Published by Asia Asset Management – 16th Jan 2019
China has doubled the quota for a scheme that allows foreign institutional investors to invest in its capital market, the first increase in four years as Beijing moves to further loosen regulatory controls.
The State Administration of Foreign Exchange (SAFE), China’s foreign exchange regulator, raised the limit for the qualified foreign institutional investor or QFII programme to US$300 billion from $150 billion.
SAFE says in a statement on January 14 that the move is to “accommodate overseas investors’ demand for China’s capital market”.
The regulator last raised the quota in July 2015, from the then $80 billion.
The QFII scheme was introduced in 2002 and the first quota, for $17 billion, was granted the following year.
Since then, SAFE has granted quotas totalling $101.06 billion to 287 foreign institutions up to the end of 2018, according to figures from the regulator.
“SAFE has introduced several reforms to foreign exchange management over the last two years, including allowing QFIIs to hedge against foreign exchange risk in China,” the statement says, adding that “these reforms have made the QFII investment channel more convenient for overseas investors”.
The higher limit can provide greater capacity for foreign investors to access China’s capital market, according to Patrick Wong, head of China sales and business development at HSBC Securities Services in Hong Kong.
Although these investors have other ways to enter China’s stock and bond markets, some asset classes are only accessible via schemes such as the QFII, Mr. Wong says in a report.
“We foresee that China’s capital market will continue to open up. Investment scope will be further relaxed, so foreign investors in the long run can invest into domestic asset classes like local investors,” he writes. “Overseas investors are getting ready and familiarising themselves with the onshore investments dynamics.”
According to a Hong Kong-based fund analyst, Beijing is broadening the capacity of its foreign investment channels ahead of the inclusion of Chinese stocks into index provider FTSE Russell’s indices this year.
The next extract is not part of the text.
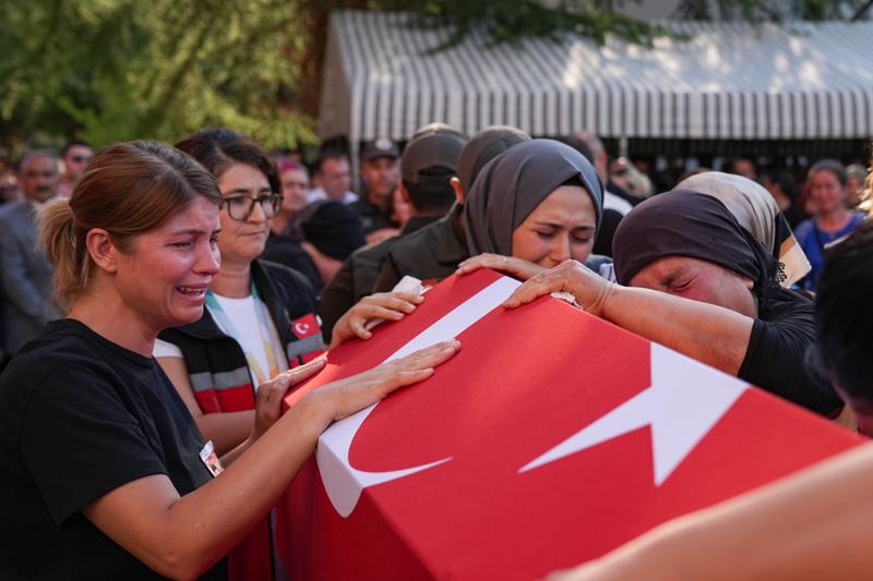 Eskişehir'de orman yangınında şehit olan 10 kişinin arasında yer alan Tolunay Kocaman, memleketi Seyitgazi'nin Kümbet mahallesinde gözyaşları içinde son yolculuğuna uğurlanırken, 1 hafta önce evlendiği eşi Burcu Kocaman ayakta durmakta güçlük çekti.

Rival provider MSCI Inc. added China A-shares – stocks of companies listed on the Shanghai or Shenzhen bourses – to its benchmark indices in 2018.
Beijing wants to be well prepared for growth in foreign investments as more index providers look to incorporate A-shares into their indices, the analyst tells Asia Asset Management, speaking on condition of anonymity.
“The increase in QFII quota will not trigger significant international capital flows into A-shares, but foreign ownership in A-shares market will gradually increase over time, which helps stabilise the market volatility,” he says.